▶ _The task_:
Beneath this task are records; print exactly the stretch of them from the line with "东周时期遗迹数量较多,集中分" through the line with "연결 요소마다 노드 수와", both ends included.

________

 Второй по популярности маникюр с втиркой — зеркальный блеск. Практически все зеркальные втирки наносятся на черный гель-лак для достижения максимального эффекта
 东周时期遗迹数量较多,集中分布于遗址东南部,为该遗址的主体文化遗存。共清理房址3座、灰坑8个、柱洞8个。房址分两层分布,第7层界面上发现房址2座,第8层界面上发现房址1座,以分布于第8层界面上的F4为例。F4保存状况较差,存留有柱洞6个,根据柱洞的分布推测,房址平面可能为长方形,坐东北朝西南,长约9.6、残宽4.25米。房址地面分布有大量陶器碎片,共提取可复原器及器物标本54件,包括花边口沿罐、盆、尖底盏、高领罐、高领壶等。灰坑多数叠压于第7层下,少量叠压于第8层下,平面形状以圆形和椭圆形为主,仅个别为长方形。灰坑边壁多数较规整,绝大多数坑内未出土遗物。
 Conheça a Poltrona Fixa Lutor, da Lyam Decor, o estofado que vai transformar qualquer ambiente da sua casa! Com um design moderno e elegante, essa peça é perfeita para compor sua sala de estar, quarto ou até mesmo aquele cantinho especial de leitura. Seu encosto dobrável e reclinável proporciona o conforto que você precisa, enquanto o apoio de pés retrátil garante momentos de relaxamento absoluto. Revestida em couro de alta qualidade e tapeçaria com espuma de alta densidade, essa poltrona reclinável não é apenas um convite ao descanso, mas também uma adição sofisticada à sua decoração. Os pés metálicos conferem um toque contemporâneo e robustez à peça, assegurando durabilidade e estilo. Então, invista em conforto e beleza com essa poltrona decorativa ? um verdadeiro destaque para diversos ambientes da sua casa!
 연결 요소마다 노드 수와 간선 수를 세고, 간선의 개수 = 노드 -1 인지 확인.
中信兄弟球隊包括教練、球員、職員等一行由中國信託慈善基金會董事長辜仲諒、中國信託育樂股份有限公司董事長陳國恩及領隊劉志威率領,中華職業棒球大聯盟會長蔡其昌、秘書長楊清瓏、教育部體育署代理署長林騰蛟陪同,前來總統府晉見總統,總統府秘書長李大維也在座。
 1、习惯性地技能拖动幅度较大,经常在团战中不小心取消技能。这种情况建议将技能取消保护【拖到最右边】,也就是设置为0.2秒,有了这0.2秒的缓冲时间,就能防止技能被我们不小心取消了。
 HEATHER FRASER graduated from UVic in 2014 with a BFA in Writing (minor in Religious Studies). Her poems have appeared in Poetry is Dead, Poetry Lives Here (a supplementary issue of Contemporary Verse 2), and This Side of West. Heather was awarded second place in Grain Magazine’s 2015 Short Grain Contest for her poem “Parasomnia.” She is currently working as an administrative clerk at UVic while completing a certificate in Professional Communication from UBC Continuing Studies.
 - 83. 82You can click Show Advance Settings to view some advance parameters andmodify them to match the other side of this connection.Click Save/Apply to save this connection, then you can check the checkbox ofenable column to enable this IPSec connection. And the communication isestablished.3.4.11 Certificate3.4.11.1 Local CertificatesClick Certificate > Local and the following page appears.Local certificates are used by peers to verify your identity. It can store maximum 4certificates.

________

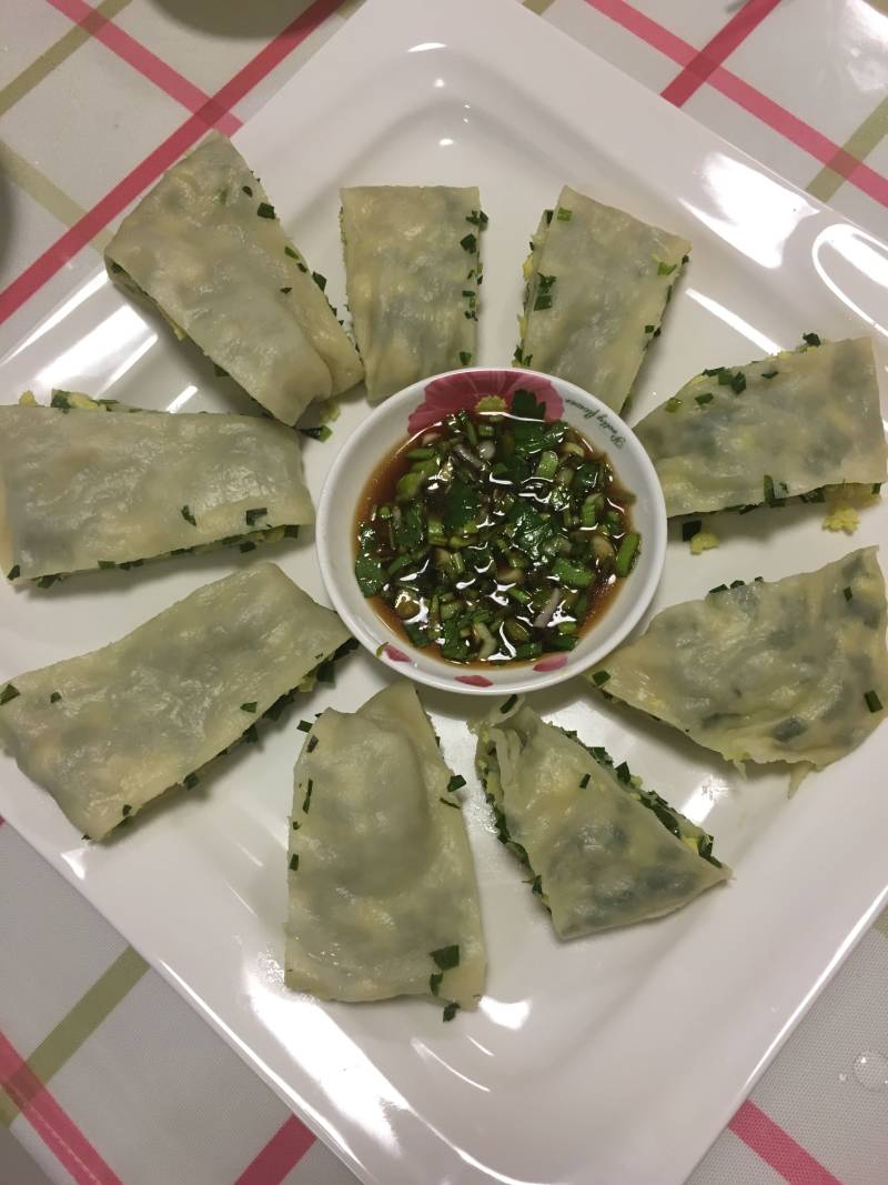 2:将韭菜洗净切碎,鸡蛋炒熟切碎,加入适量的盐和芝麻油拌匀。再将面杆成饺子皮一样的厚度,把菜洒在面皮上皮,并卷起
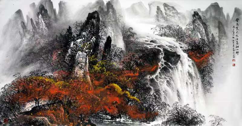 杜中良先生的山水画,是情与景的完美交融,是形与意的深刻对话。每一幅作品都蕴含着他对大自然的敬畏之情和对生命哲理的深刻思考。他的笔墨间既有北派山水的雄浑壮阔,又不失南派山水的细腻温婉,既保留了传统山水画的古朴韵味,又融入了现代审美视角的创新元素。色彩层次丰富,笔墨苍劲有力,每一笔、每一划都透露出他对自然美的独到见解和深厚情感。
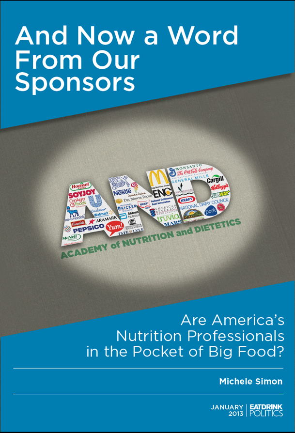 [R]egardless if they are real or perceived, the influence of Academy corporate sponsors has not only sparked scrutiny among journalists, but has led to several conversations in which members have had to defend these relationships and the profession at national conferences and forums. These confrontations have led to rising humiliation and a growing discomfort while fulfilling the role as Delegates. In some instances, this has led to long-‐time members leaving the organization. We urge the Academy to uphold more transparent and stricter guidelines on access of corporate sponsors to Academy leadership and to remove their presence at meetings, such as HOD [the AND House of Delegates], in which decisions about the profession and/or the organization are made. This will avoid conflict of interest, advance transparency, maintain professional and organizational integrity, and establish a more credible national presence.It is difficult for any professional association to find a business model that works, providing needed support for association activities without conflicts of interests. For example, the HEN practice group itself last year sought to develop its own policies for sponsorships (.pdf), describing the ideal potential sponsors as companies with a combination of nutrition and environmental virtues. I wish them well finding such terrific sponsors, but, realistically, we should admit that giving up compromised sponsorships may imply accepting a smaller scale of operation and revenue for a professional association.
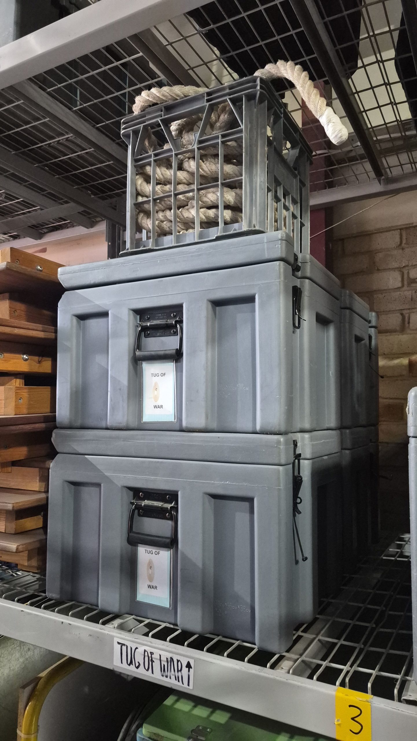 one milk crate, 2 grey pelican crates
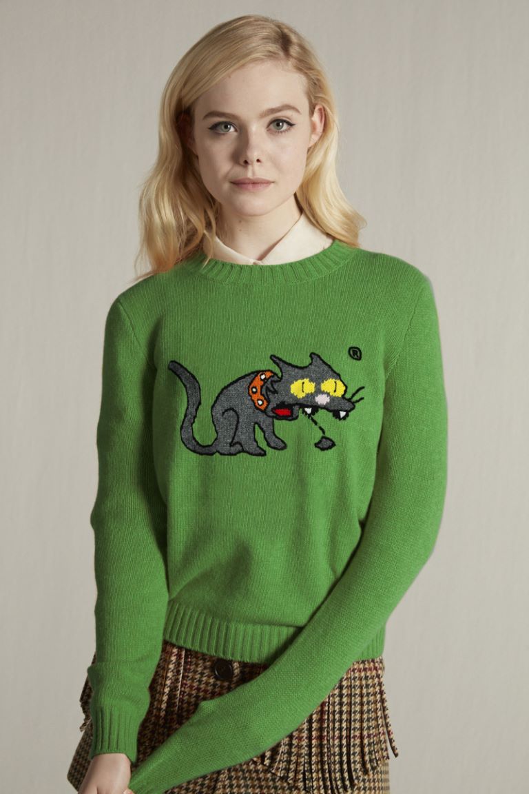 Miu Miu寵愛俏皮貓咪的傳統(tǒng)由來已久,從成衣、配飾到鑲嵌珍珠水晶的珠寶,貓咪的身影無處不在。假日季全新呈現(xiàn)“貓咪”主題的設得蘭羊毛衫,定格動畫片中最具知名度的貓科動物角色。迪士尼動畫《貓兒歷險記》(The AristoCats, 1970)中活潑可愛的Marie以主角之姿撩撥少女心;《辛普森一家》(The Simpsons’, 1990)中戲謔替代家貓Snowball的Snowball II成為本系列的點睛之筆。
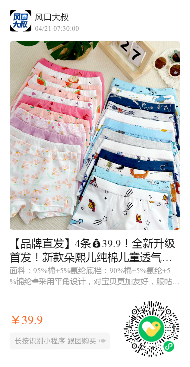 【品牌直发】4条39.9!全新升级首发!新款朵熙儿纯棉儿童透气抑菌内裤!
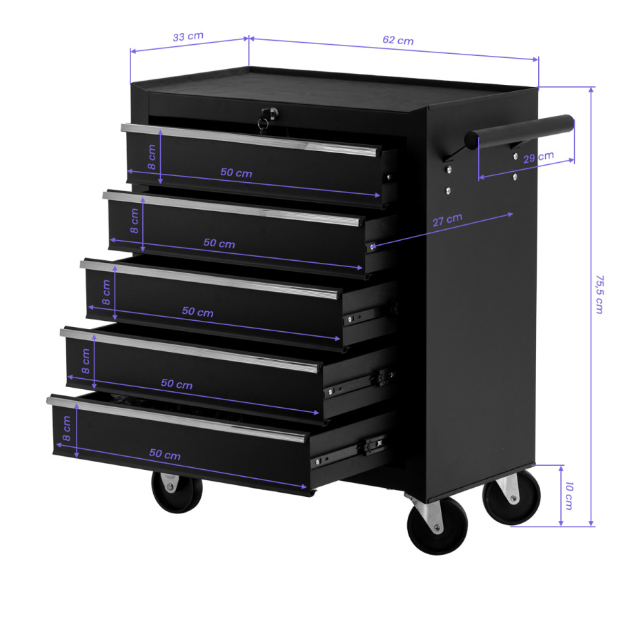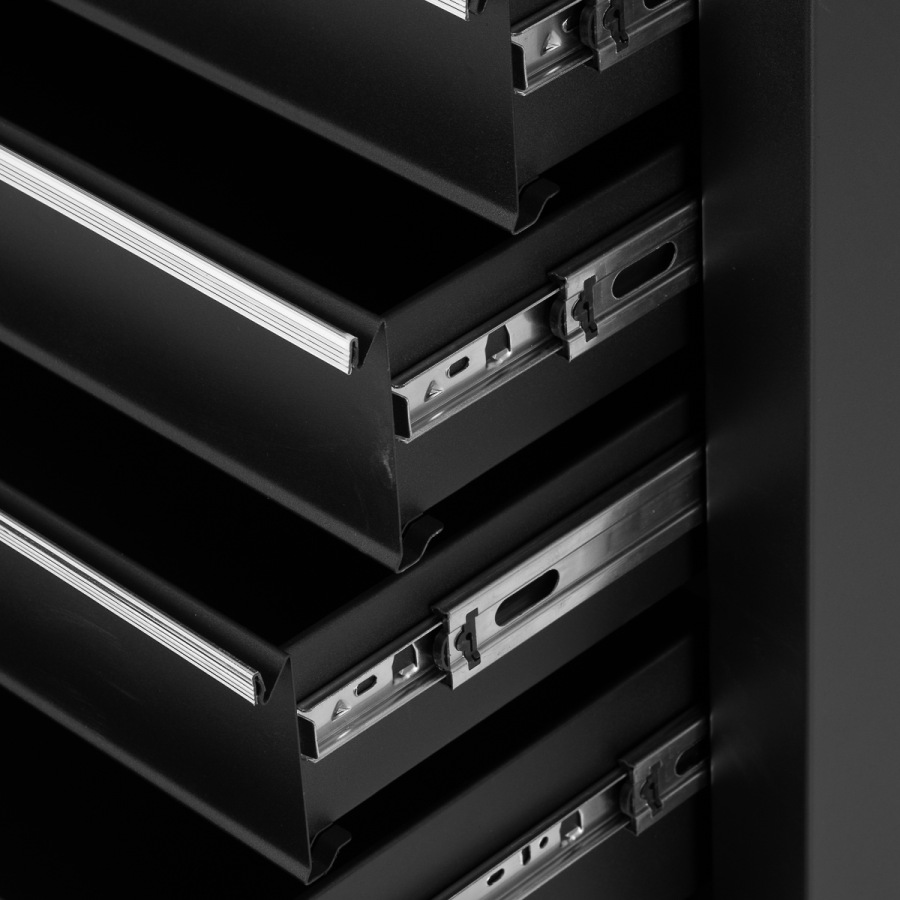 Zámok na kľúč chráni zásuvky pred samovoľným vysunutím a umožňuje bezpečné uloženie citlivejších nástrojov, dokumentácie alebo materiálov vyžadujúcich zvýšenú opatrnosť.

________

▶ _Task result_:
 东周时期遗迹数量较多,集中分布于遗址东南部,为该遗址的主体文化遗存。共清理房址3座、灰坑8个、柱洞8个。房址分两层分布,第7层界面上发现房址2座,第8层界面上发现房址1座,以分布于第8层界面上的F4为例。F4保存状况较差,存留有柱洞6个,根据柱洞的分布推测,房址平面可能为长方形,坐东北朝西南,长约9.6、残宽4.25米。房址地面分布有大量陶器碎片,共提取可复原器及器物标本54件,包括花边口沿罐、盆、尖底盏、高领罐、高领壶等。灰坑多数叠压于第7层下,少量叠压于第8层下,平面形状以圆形和椭圆形为主,仅个别为长方形。灰坑边壁多数较规整,绝大多数坑内未出土遗物。
 Conheça a Poltrona Fixa Lutor, da Lyam Decor, o estofado que vai transformar qualquer ambiente da sua casa! Com um design moderno e elegante, essa peça é perfeita para compor sua sala de estar, quarto ou até mesmo aquele cantinho especial de leitura. Seu encosto dobrável e reclinável proporciona o conforto que você precisa, enquanto o apoio de pés retrátil garante momentos de relaxamento absoluto. Revestida em couro de alta qualidade e tapeçaria com espuma de alta densidade, essa poltrona reclinável não é apenas um convite ao descanso, mas também uma adição sofisticada à sua decoração. Os pés metálicos conferem um toque contemporâneo e robustez à peça, assegurando durabilidade e estilo. Então, invista em conforto e beleza com essa poltrona decorativa ? um verdadeiro destaque para diversos ambientes da sua casa!
 연결 요소마다 노드 수와 간선 수를 세고, 간선의 개수 = 노드 -1 인지 확인.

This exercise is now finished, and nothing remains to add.